Trata-se de breves considerações acerca da lacuna existente no ECA quanto àqueles que oferecem bebidas alcoólicas para crianças ou adolescente. É menos grave por bebida alcoólica na mamadeira de uma criança de 2 anos do que dar cigarro para um adolescente.

Por uma questão de proporcionalidade, o legislador tomou cuidado para fixar as penas em abstrato de um crime de acordo com sua reprovabilidade social e o valor do bem jurídico protegido, crimes mais graves e mais reprováveis socialmente possuem penas logicamente maiores.

             A conduta de vender, fornecer ainda que gratuitamente, ministrar ou entregar, de qualquer forma, a criança ou adolescente, sem justa causa, produtos cujos componentes possam causar dependência física ou psíquica, ainda que por utilização indevida (art. 243, ECA) é punida com pena de detenção de 2 à 4 anos.
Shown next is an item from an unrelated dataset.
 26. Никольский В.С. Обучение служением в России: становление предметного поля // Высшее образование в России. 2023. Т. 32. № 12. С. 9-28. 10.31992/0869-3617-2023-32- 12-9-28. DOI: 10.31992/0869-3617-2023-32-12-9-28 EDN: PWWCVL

            Pode-se imaginar que nesse artigo incorreria o agente que entrega ou vende bebida alcoólica e/ou cigarro para criança ou adolescente, afinal, ambas são substâncias que causam dependência.
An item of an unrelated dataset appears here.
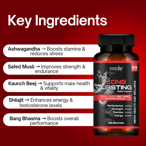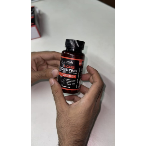 Long Lasting Capsule is a premium Ayurvedic formula designed to enhance stamina, endurance, and timing Made with 12+ powerful herbs like Ashwagandha, Safed Musli, Shilajit, and Kaunch Beej, it naturally supports performance, blood circulation, and confidence—without any synthetic chemicals or side effects.

            Todavia, o Direito Penal rege-se, dentre outros, pelos princípios da especialidade e taxatividade, proibindo qualquer tipo de analogia ''in malam partem''. Ou seja, além do tipo penal dever ser claro, explicito, direto, com a descrição minuciosa da conduta dando a menor margem possível de interpretação, as leis penais mais específicas preponderam frente às menos específicas.

             Com isso, é importante salientar a existência da contravenção penal constante no artigo 63 da lei de contravenções penais que estabelece pena de prisão simples, de dois meses a um ano, ou multa para àquele que serve bebidas alcoólicas para menores de 18 anos. Ou seja, tendo uma contravenção tão clara e específica punindo a conduta de servir bebida alcoólica, aqui se enquadraria a pessoa que põe bebida alcoólica na mamadeira de um bebê para ele ficar mais calmo. Quanto a pessoa que vendeu ou entregou cigarro para adolescente, não tendo outra norma ou contravenção específica para o tipo de produto que ele entregou, ele incorreria no crime do artigo 243 do ECA com pena consideravelmente maior.

Esse é o entendimento dos Tribunais, vejamos:

PENAL. HABEAS CORPUS. FORNECIMENTO DE BEBIDA ALCOÓLICA A MENORES.     TIPICIDADE DA CONDUTA. CONTRAVENÇÃO PENAL. ART. 63 DO DECRETO-LEI N.º 3.688/41. TRANCAMENTO DA AÇÃO PENAL. IMPOSSIBILIDADE. RECEBIMENTO DA DENÚNCIA. PRESCRIÇÃO DA PRETENSÃO PUNITIVA DO ESTADO. OCORRÊNCIA. CONCESSÃO EX OFFICIO DA ORDEM DE HABEAS CORPUS.
1. Consoante entendimento sedimentado nesta Corte Superior, o fornecimento de bebida alcoólica a menor é conduta típica que, apesar de não se amoldar ao tipo penal previsto no art. 243 da Lei n.º 8.069/90, encontra previsão no art. 63 do Decreto-Lei n.º 3.688/41 (Precedentes: REsp n.º 942.288/RS, Rel. Min. JORGE MUSSI, QUINTA TURMA, DJe de 31/03/2008; e HC n.º 113.896/PR, Rel. Min. OG FERNANDES, SEXTA TURMA, DJe de 16/11/2010)

Essa visível discrepância das consequências de condutas igualmente reprováveis destoa da nossa concepção inicial de que crimes mais reprováveis são punidos mais severamente.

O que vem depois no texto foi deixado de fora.